-- Task data follows --
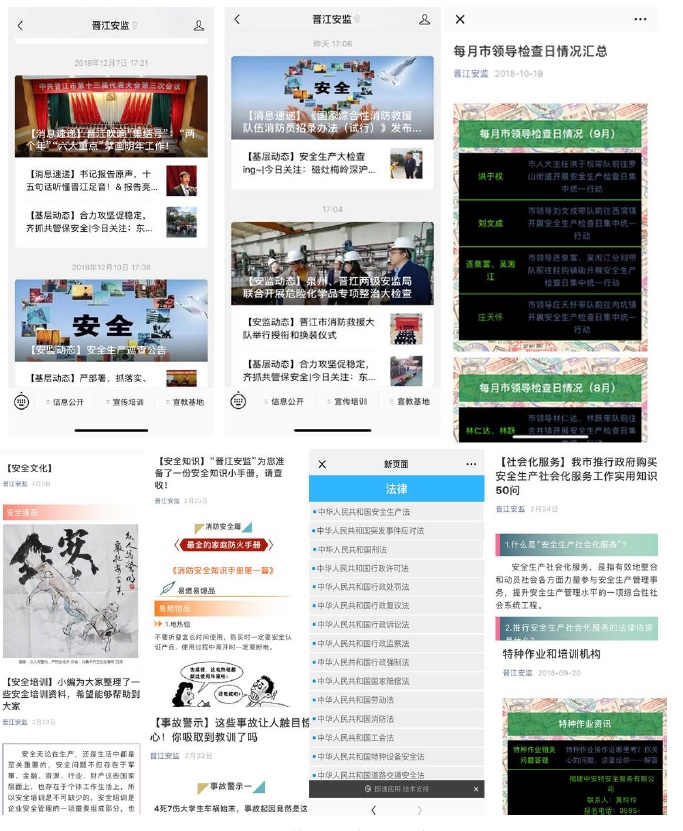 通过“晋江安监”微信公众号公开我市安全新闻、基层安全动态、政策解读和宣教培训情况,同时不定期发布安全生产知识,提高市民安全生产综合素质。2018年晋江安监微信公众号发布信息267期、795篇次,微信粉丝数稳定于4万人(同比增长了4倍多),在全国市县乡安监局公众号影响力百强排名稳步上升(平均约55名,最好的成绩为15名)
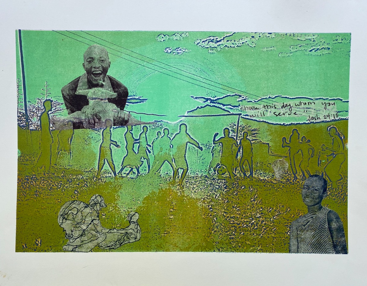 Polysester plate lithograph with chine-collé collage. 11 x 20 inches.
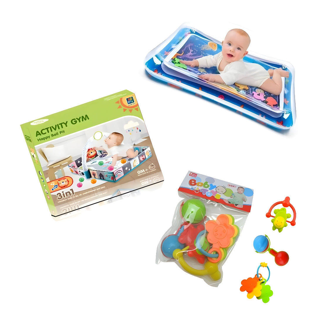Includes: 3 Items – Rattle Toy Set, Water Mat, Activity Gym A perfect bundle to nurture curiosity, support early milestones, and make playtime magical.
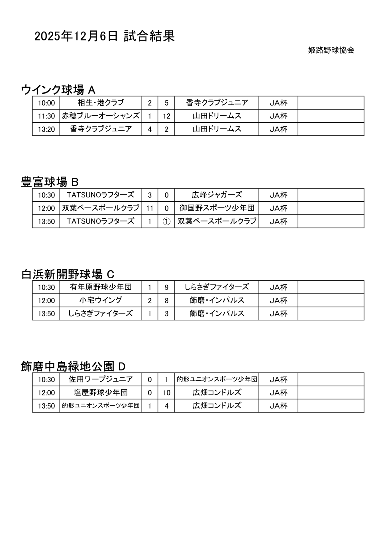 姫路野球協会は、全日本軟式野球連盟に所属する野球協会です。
-- Task data concluded --
-- Task data follows --
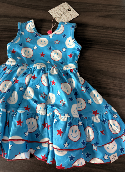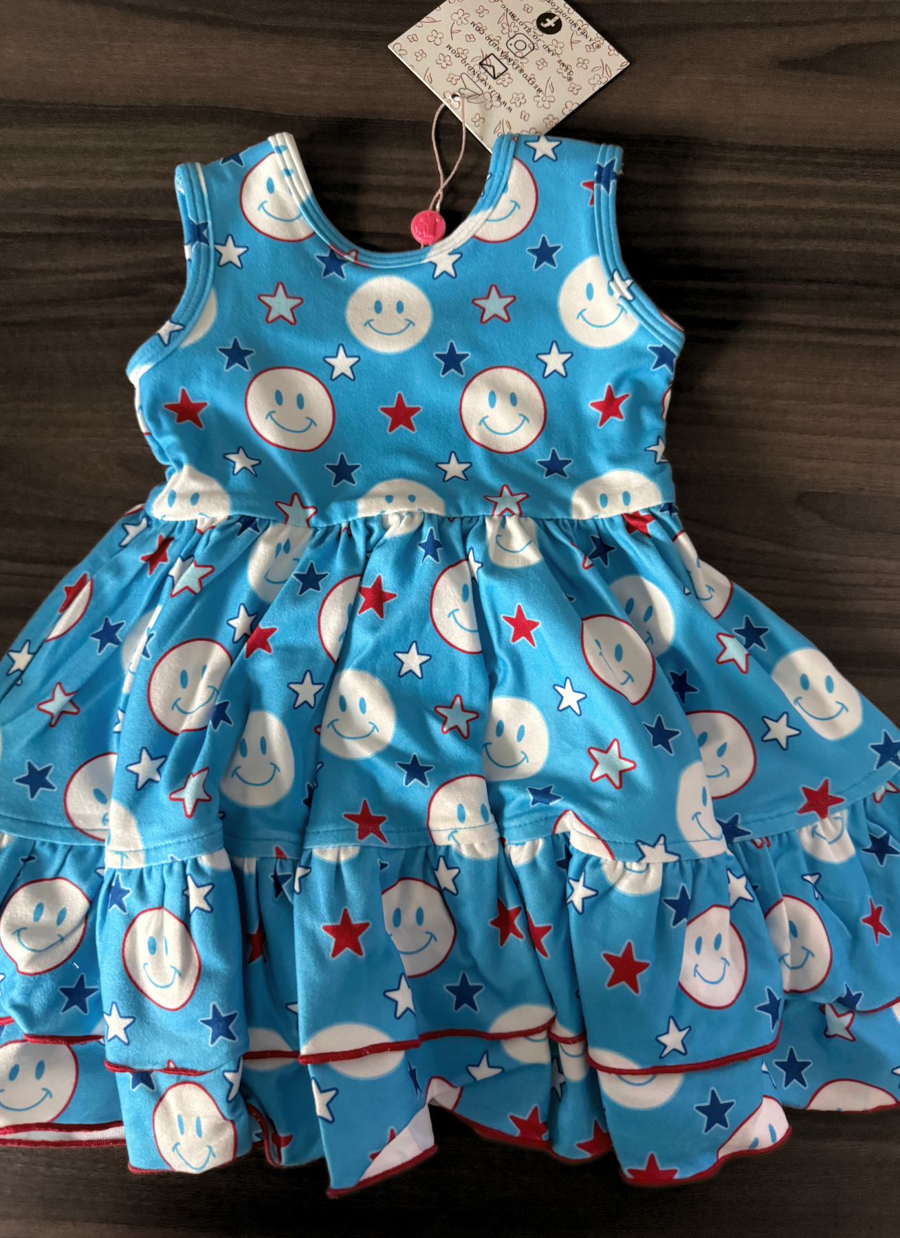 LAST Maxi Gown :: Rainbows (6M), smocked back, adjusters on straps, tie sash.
-- Task data concluded --
▶ Exercise aim
Write out word for word the lines above that run from the one with "Polysester plate lithograph" to the one with "姫路野球協会は、全日本軟式野球連盟に所属する野球協会です。". Include both end lines; exclude the images.

▶ Answer to this exercise
 Polysester plate lithograph with chine-collé collage. 11 x 20 inches.
Includes: 3 Items – Rattle Toy Set, Water Mat, Activity Gym A perfect bundle to nurture curiosity, support early milestones, and make playtime magical.
 姫路野球協会は、全日本軟式野球連盟に所属する野球協会です。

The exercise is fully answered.